Tefertiller Candy, Gerber Don
Craig Hospital, Denver, CO, USA.
Artif Organs. 2017 Nov;41(11):E196-E202. doi: 10.1111/aor.13060.
Spinal cord injury (SCI) often results in loss of upright mobility and independence subsequently challenging rehabilitation practitioners for meaningful intervention strategies. The objective of this study was to evaluate the feasibility and potential impact on walking function of the stimulation and ergometer training protocol (STEP) in chronic SCI. Fourteen individuals with a chronic motor incomplete SCI (>1-year post injury) were enrolled in the study. The intervention consisted of a 12-week walking training program delivered three times per week from 20 up to 45 min in combination with 10 channels of FES on a step ergometer. Subsequent to this training, 30 min over ground walking training was performed. Ten out of the 14 participants completed the trial (71%). All participants who completed the intervention increased their walking speed by an average of 0.13 m/s (0.08) and walking endurance by an average of 117 ft (84 ft). For those who completed the trial, 50% demonstrated increases on the Walking Index for Spinal Cord Injury II by at least one level while 60% demonstrated an increase in lower extremity motor scores; all completing the Timed Up and Go Test at baseline demonstrated a reduction in time to complete during post-test evaluation. Recruitment objectives were attained. Overall retention was lower than anticipated with 29% withdrawing secondary to issues with lower extremity pain and exertional demands; however, no other adverse events occurred. Improvements in mobility outcomes generated by the STEP show promise in the context of feasibility and warrant further investigation to evaluate efficacy in comparison to other walking recovery interventions. The STEP was well-tolerated by participants who were >1 year and less than 10 years post SCI. Those completing the protocol exhibited improvements in commonly used SCI walking outcome measures.
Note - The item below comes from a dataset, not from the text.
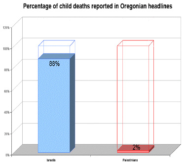 Even more disturbing was the coverage of children’s deaths, with only 28% of Palestinian children’s deaths receiving any coverage by the Oregonian, compared with 100% coverage for Israeli children.
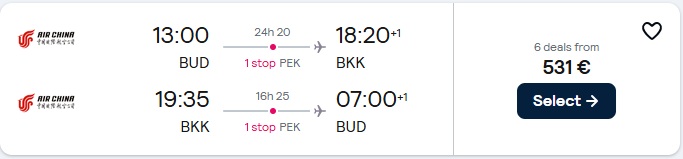 Budimpešta- Bangkok-Budimpešta, že za 531 eur

脊髓损伤(SCI)常常导致患者失去直立移动能力和生活自理能力,这给康复治疗师制定有效的干预策略带来了挑战。本研究旨在评估刺激与测力计训练方案(STEP)对慢性SCI患者步行功能的可行性及潜在影响。14例慢性运动不完全性SCI患者(受伤时间超过1年)纳入本研究。干预措施包括为期12周的步行训练计划,每周进行3次,每次20至45分钟,同时在阶梯测力计上结合10通道功能性电刺激(FES)。该训练之后,进行30分钟的地面行走训练。14名参与者中有10名完成了试验(71%)。所有完成干预的参与者步行速度平均提高了0.13米/秒(0.08),步行耐力平均提高了117英尺(84英尺)。对于完成试验的患者,50%的患者脊髓损伤步行指数II至少提高了一个等级,60%的患者下肢运动评分有所增加;所有在基线时完成定时起立行走测试的患者在测试后评估中完成时间均有所缩短。达到了招募目标。总体保留率低于预期,29%的患者因下肢疼痛和运动需求问题退出;然而,未发生其他不良事件。STEP所带来的移动能力改善在可行性方面显示出前景,与其他步行恢复干预措施相比,有必要进一步研究以评估其疗效。SCI超过1年且不到10年的参与者对STEP耐受性良好。完成该方案的患者在常用的SCI步行结果测量指标上有所改善。